Data provided Start Marker

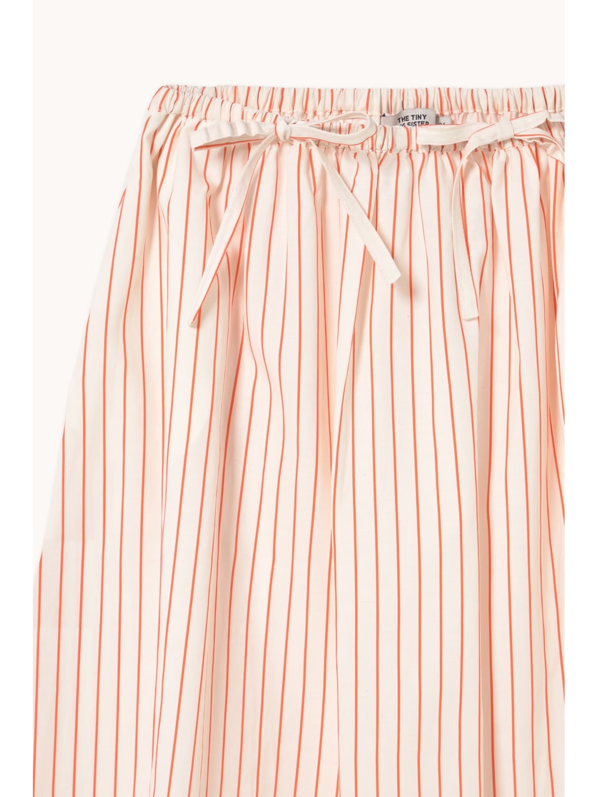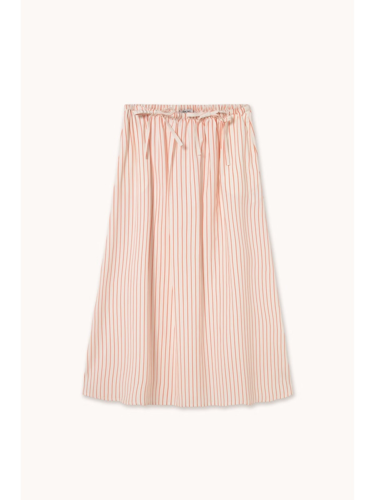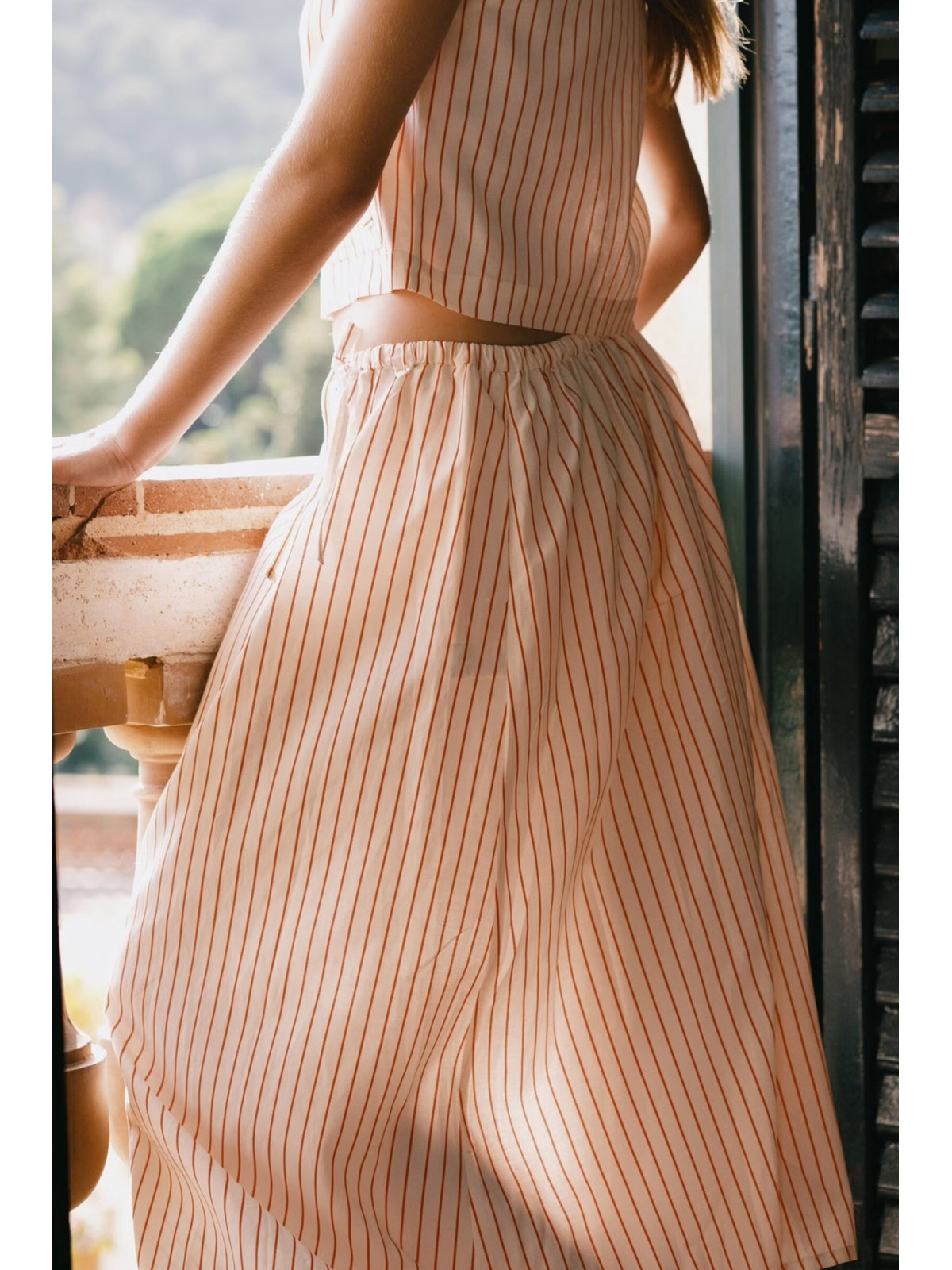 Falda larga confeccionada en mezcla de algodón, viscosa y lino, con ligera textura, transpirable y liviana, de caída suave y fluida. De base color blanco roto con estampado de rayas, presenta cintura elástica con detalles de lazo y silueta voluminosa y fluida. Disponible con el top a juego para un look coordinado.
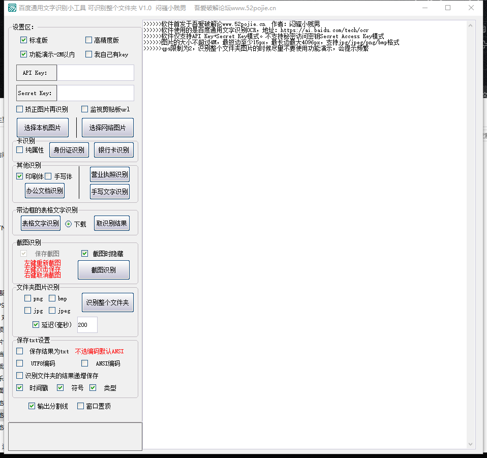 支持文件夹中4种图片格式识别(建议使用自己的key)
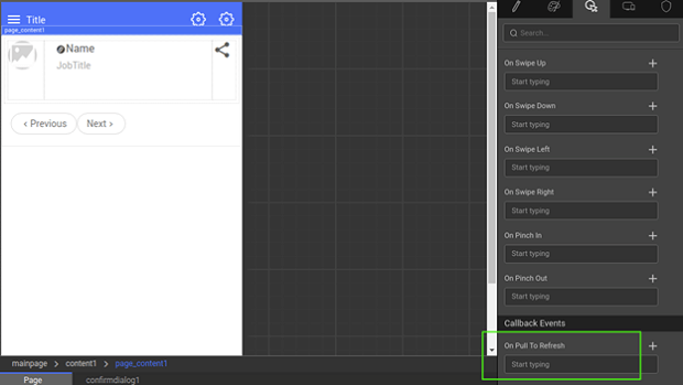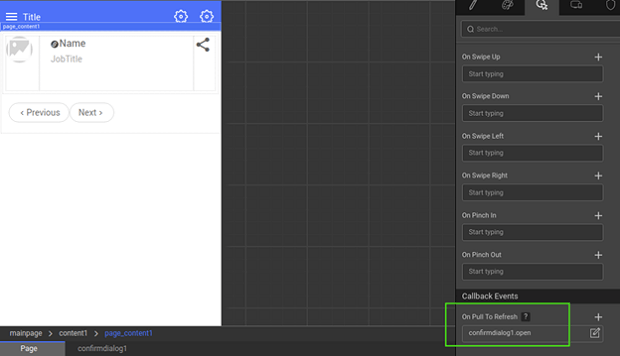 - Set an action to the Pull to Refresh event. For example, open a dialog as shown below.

Data provided End Marker
Data provided Start Marker

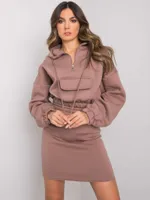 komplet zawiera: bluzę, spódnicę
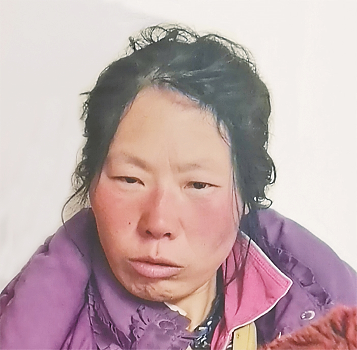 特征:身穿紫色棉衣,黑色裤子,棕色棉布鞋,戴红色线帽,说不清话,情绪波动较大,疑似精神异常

Data provided End Marker

• _The task_: Where a picture appears in the records above, omit it, and transcribe exactly the stretch of lines from the one with "Falda larga confeccionada" through the one with "- Set an action".

• _Your response_:
 Falda larga confeccionada en mezcla de algodón, viscosa y lino, con ligera textura, transpirable y liviana, de caída suave y fluida. De base color blanco roto con estampado de rayas, presenta cintura elástica con detalles de lazo y silueta voluminosa y fluida. Disponible con el top a juego para un look coordinado.
 支持文件夹中4种图片格式识别(建议使用自己的key)
 - Set an action to the Pull to Refresh event. For example, open a dialog as shown below.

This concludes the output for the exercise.